For our inaugural recipe, we thought, why not start with an eighteenth-century mac-and-cheese?  It’s a modern-day American classic and perhaps the ultimate comfort food.

This recipe comes from UPenn Ms. Codex 1038, a collection of recipes most likely written and bound between 1765 and 1830. (Thanks to Mitch Fraas for pointing us to this particular “maccarony cheese.”)

The Recipe

Maccarony Cheese

Two Ounces of best Glocester Cheese, 4 Ounces Cheshire Do. grated – put it into a Stone Mortar with two Eggs, two or three Spoonfulls of Sack or Mountain Wine, beat it ’till it’s well mixt and Light – Boil the Maccarony in Water very tender, then drain it well, put it on a Dish or Plate and lay the prepared Cheese all over it and brown it with a Salamander.

This recipe, unlike some others to be featured, discussed, and puzzled over here in the next few months, features no ingredients that are mysterious, challenging to obtain, or downright unappetizing. Cheese, eggs, and macaroni are all familiar. Even sack wine can be approximated. Defined in Samuel Johnson’s 1737 Dictionary as “A kind of sweet wine, now brought chiefly from the Canaries.” Also known as “Canary wine,” sack identified a few varieties of sweet, fortified light wine. One of these later became known as “sherry,” so sherry is what we turned to here. For Gloucester cheese, we substituted a sharp, aged cheddar; for Cheshire, a milder cheddar.

Note that although the recipe provides specific measurements for all ingredients of the cheese sauce, the amount of macaroni is left unspecified. Based on the amount of cheese sauce, we determined that approximately half a pound of pasta (ex. fusili) would most likely have been used.

Early modern cooks used salamanders to brown dishes. A salamander was a piece of cast iron with a handle attached; it would be heated in the fire and then held on top of a dish to warm it. Essentially, a salamander was a hand-held broiler. We debated using a culinary torch but decided that an oven would provide more even cooking.

So, our modern version of the recipe looked like this:

2 oz. sharp/dry cheddar

4 oz. mild cheddar

2 eggs

2 tsp. sherry

8 oz. dried pasta

Heat oven to 350F.

Grate the cheeses and beat together with eggs and sherry. Add salt and pepper to taste. Cook and drain pasta.

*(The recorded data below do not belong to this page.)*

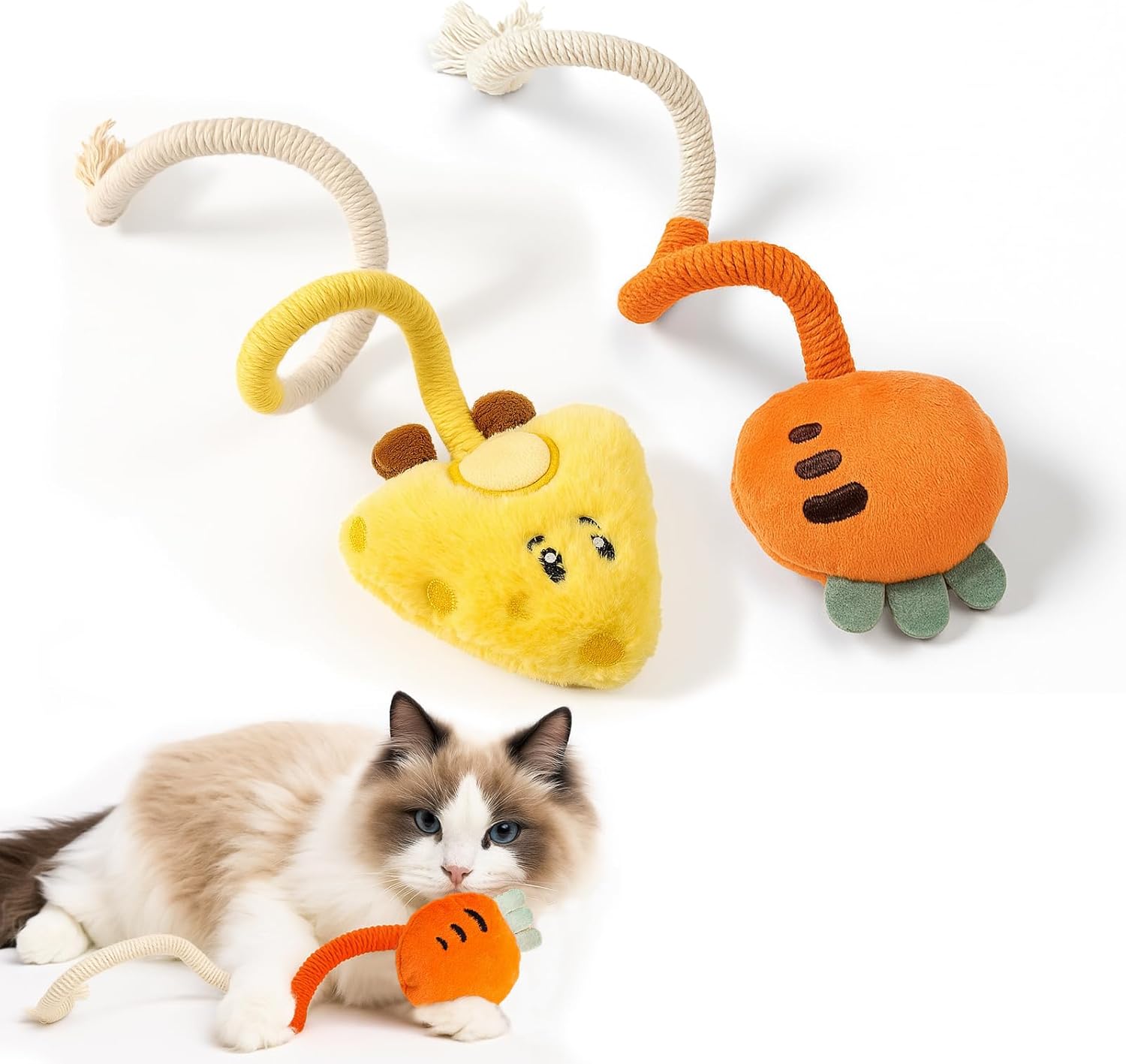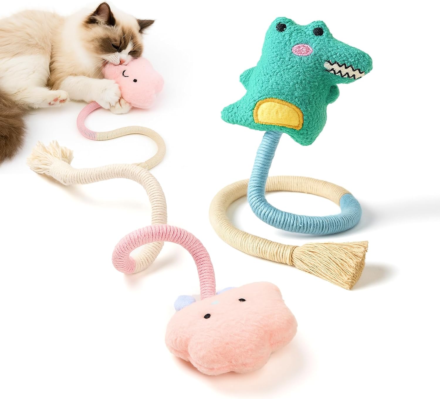 Kingtree Cat Toy Chew Ropes, 2 Pack Cotton Rope Cat Chew Toys Interactive Catnip Rope Toys for Indoor Cats Teeth Cleaning, Bite Resistant Chew Ropes W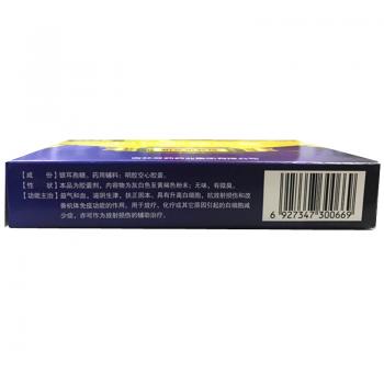 【功能主治】:益气和血,滋阴生津,扶正固本。具有升高白细胞,抗放射损伤和改善机体免疫功能的作用。用于放疗、化疗或其他原因引起的白细胞减少症,亦可作为放射损伤的辅助治疗。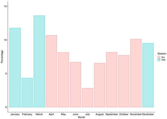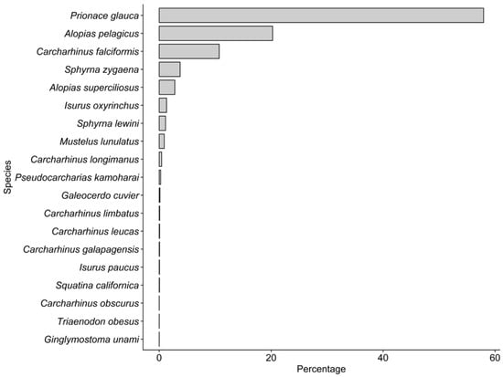 A total of 15,455 sharks (5508 males, 7788 females, and 2159 non-sexed) were recorded during 2019 in Manta (Table 2). Of the total number of sharks recorded, 3690 individuals (1739 males, 1934 females, and 17 unsexed) were measured, with an estimated biomass of 197.9 t (Table 3). The landed specimens were composed of nine families and 19 species. The most abundant families in number were Carcharhinidae (69.4%), Alopiidae (23%) and Sphyrnidae (4.9%). The most abundant species recorded during the sampling were P. glauca (57.9%), A. pelagicus (20.3%) and C. falciformis (10.7%) (Figure 1). During the 12 months of sampling, a greater abundance of sharks occurred during the dry season, representing 60.8% of the total caught sharks (Figure 2).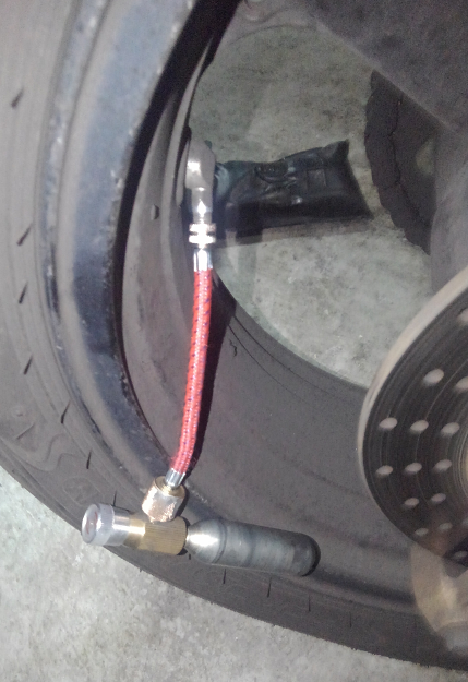 これ以上はその場ではどうしようもないので、タイヤを労わりながら素人ガレージまで自走して普通に空気を入れておきました。

Transfer pasta to oven-proof dish and evenly distribute cheese sauce over the top. Bake for 15-20 minutes, until cheese is melted and lightly browned.

 

The Results

In a word: delicious. The eggs cooked with the cheese to form a dense, satisfying mac-and-cheese that was remarkably easy to make. And the sherry flavor came through in a unique, rich way. We both agreed that this would be an easy way to throw together a pasta dish for one or two people, using up any scraps of cheese. Even more impressive: unlike many modern recipes for mac-and-cheese, this one does not involve any milk or heavy cream.